HIGH PERFORMANCE POLYHYDROXYALKANOATES BASED PACKAGING TO MINIMISE FOOD WASTE

The use of petroleum-based plastic materials in the food packaging area has been increasing over the last decades due to a number of advantages such as their low cost, versatility, mechanical properties, easy processing, etc. However, their abusive use has caused serious issues to the environment. Such is the issue that, up to day, we produce around 300 million tons of plastic waste every year, which is nearly the equivalent to the weight of the entire human population. The problem is that plastic waste — whether in an ocean, or on land — can persist in the environment for centuries and create microplastics as they break down. This is currently causing serious environmental and health problems and for this reason, there has been a growing interest worldwide to replace plastics with biodegradable plastics, with particular attention to replace this on the area of food packaging.
The use of compostable and biodegradable -under environmental conditions- biomaterials and resources are seen as one of the many strategies to minimize the environmental impact of petroleum-based plastics.
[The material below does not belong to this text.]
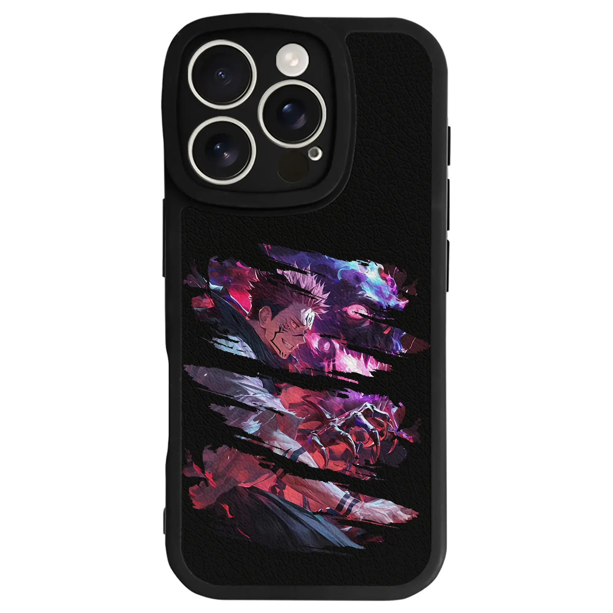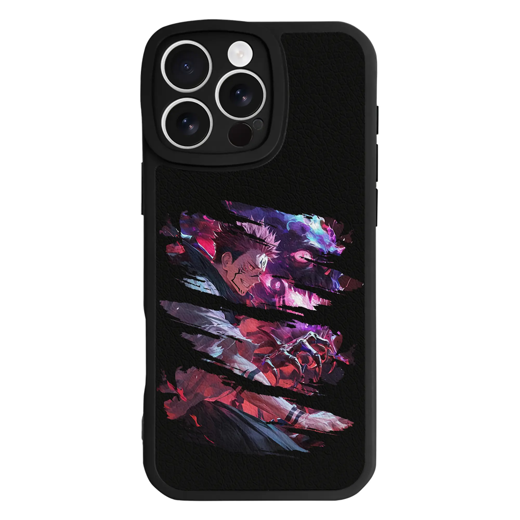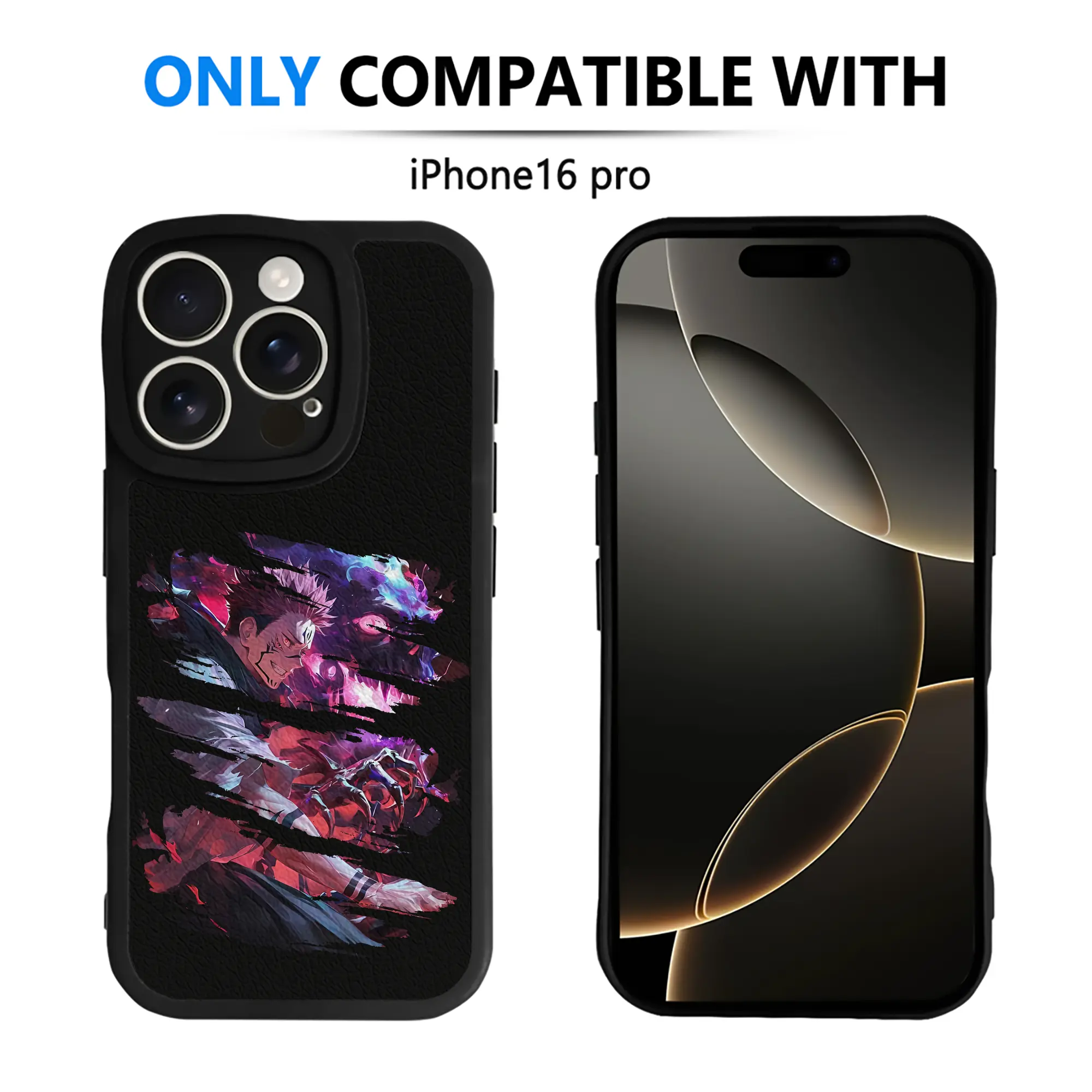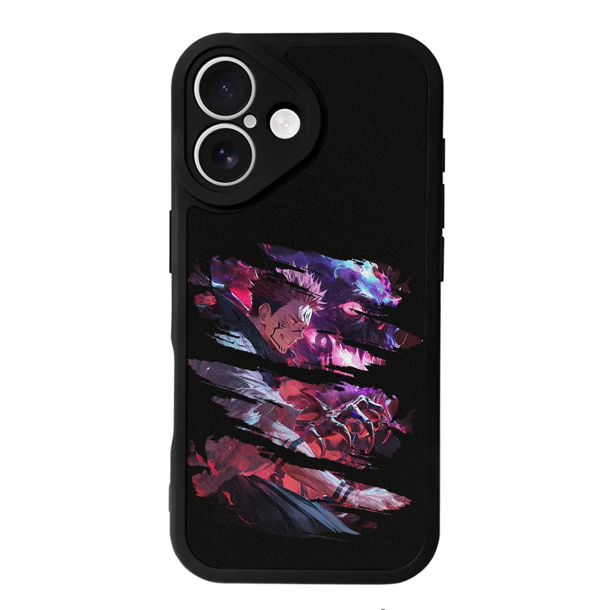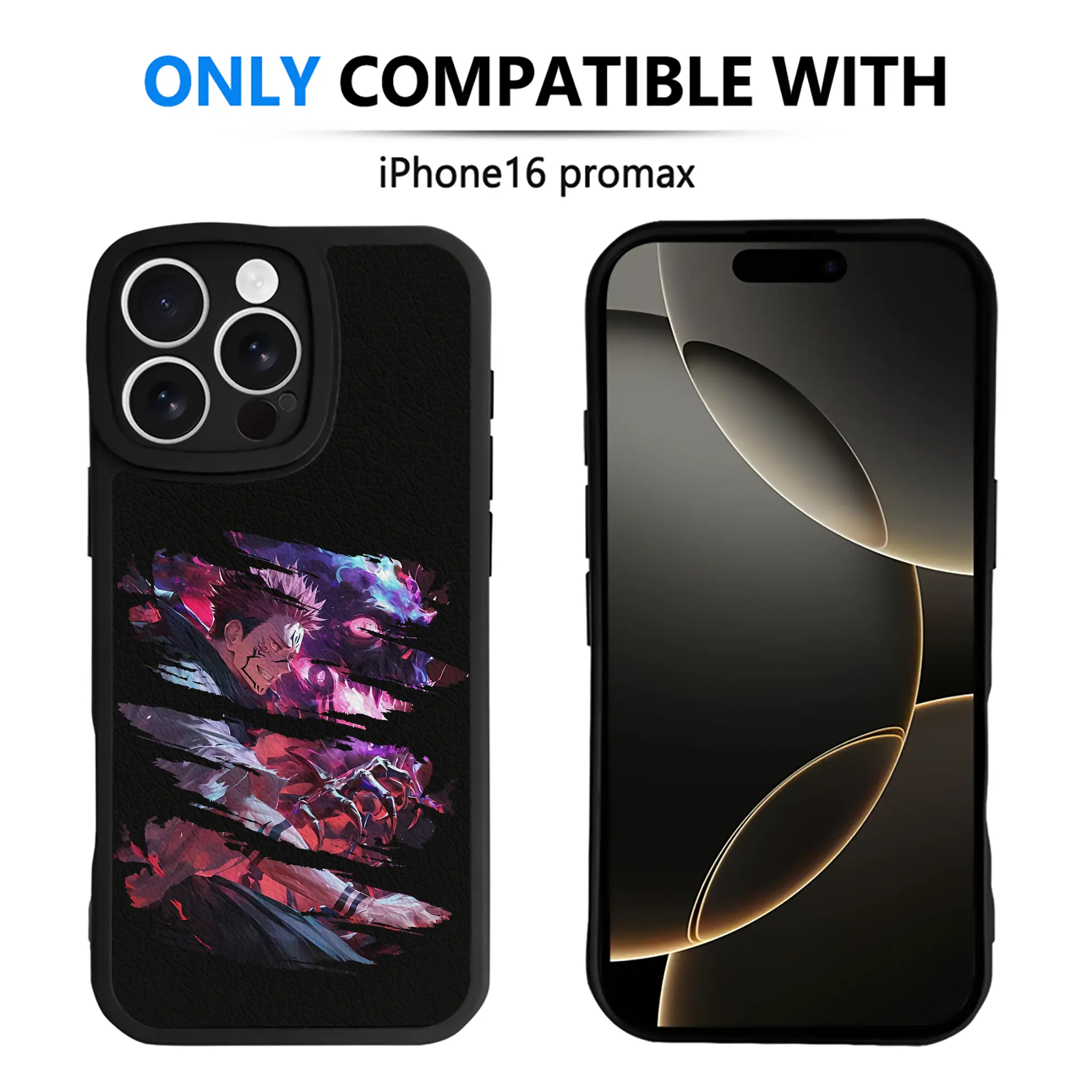 呪術廻戦 グッズ,両面宿儺 - IPhone 16シリーズ対応 ・ シリコンスマホケース ・ レザー調 ・ 高精度フィット ・ 耐衝撃 ・ ワイヤレス充電対応 ・ 精密カット

These materials are compatible with the Circular Bioeconomy strategy, where waste is upcycled into packaging, which is then returning the carbon back to soil via organic recycling. Biodegradable performing packaging derived from contaminant industrial wastes such as cheese whey, has attracted special attention as it could be the definitive solution to fight plastic pollution, without compromising food quality and safety aspects inherent to plastic packaging. For this reason, the YPACK team has been working on innovative food packaging solutions based on polyhydroxyalkanoates (PHA) derived from wastes, that have reached commercial explotation for some of the developed items even during the execution of the project.
Briefly, YPACK has aimed to scale the production and commercial validation of two food packaging solutions based on biodegradable biowaste-derived polyhydroxyalkanoates (PHAs). The actions carried out within the project were:

1. Consumer profiling and market studies in order to identify consumers preferences and market needs.
2. Several processes related to the production of mono and multi-layered systems were optimised and scaled to a pre-industrial scale.
3. High barrier and active performance allowing the preservation of challenging foods.
4. Life cycle analysis (LCA) and shelf-life studies with meat, fruits, vegetables and pasta. The latter activities being currently carried out by two retailers and a food company, partners of the project.


Figure 1.Sketch of YPACK project.

The work performed in the YPACK project has led to two products:
• A multi-layer biobased and bio-degradable film based on poly-hydroxyalkanoates (PHA) with improved oxygen barrier and anti-microbial properties for food packaging applications. This innovative active multilayer film can be regarded as a potential candidate for use in the design of organic recyclable active food packaging, since the active and barrier properties of these materials are advantageous for food preservation. The developed multilayers can be applied as lids for packaging, food contact layers and flow packs. In fact, within the frame of YPACK, the feasibility of these films has been tested as a flow pack for fruit packaging.
• Thermoformed trays (YPACK23, YPACK25 and YPACK27), in which YPACK27 contains almond shell residues and a new grade of PHA derived from cheese whey waste.
Both key exploitable results have resulted in end-product prototypes and have been tested with several foods in commercial shelf-life studies. Towards their exploitability and further commercialization of the products, the idea would be to further optimize the scalability of the process to reduce costs and improve finish quality and to license the technology to companies interested in the products.
Additionally, various results that are not considered scaled products yet, have been referred to as potential intermediate exploitable results, such as:
• Optimization of the microcellulose production from almond industry by-products
• Fine-tuning of a new production process for microbial biomass, rich in PHBV, grown out of cheese whey.
• Electrospun nanofiber based hot-tacks as an alternative to petrochemical adhesives
• Biodegradable active blown film
• Improvements in the development of purification and extraction methods of PHA from cheese whey
In terms of dissemination, the YPACK brand as well as the above-mentioned project results have been shared throughout the timeframe of the project through several activities, including publication of news on the YPACK website and social media (mainly Twitter & LinkedIn), attendance and presentations at webinars and events, newsletters and publication of several scientific publications.

Major advances in the project beyond the state of the art are the development and scaling up of a new cheese whey derived PHA biopolymer and biodegradable thermoformable compounds based on PHA with reduced cost and based on biowaste. It is also a major breakthrough of the project, the development of a high gas barrier multilayer concept that can be thermoformed. The YPACK products make use of safe nanotech strategies such as continuous nanocellulose interlayers and electrospun hot-tacks to exhibit the desired functionalities. Currently, there is no fully biobased compostable packaging that can achieve the targeted properties.
By the end of the project, we have managed to scale fully functional biodegradable packaging, i.e. thermoformed trays and multilayer films. These concepts have been assessed in terms of LCA, biodegradability in the environment and in composting, migration, and as packaging elements for the shelf-life extension of several selected food products, yielding satisfactory results.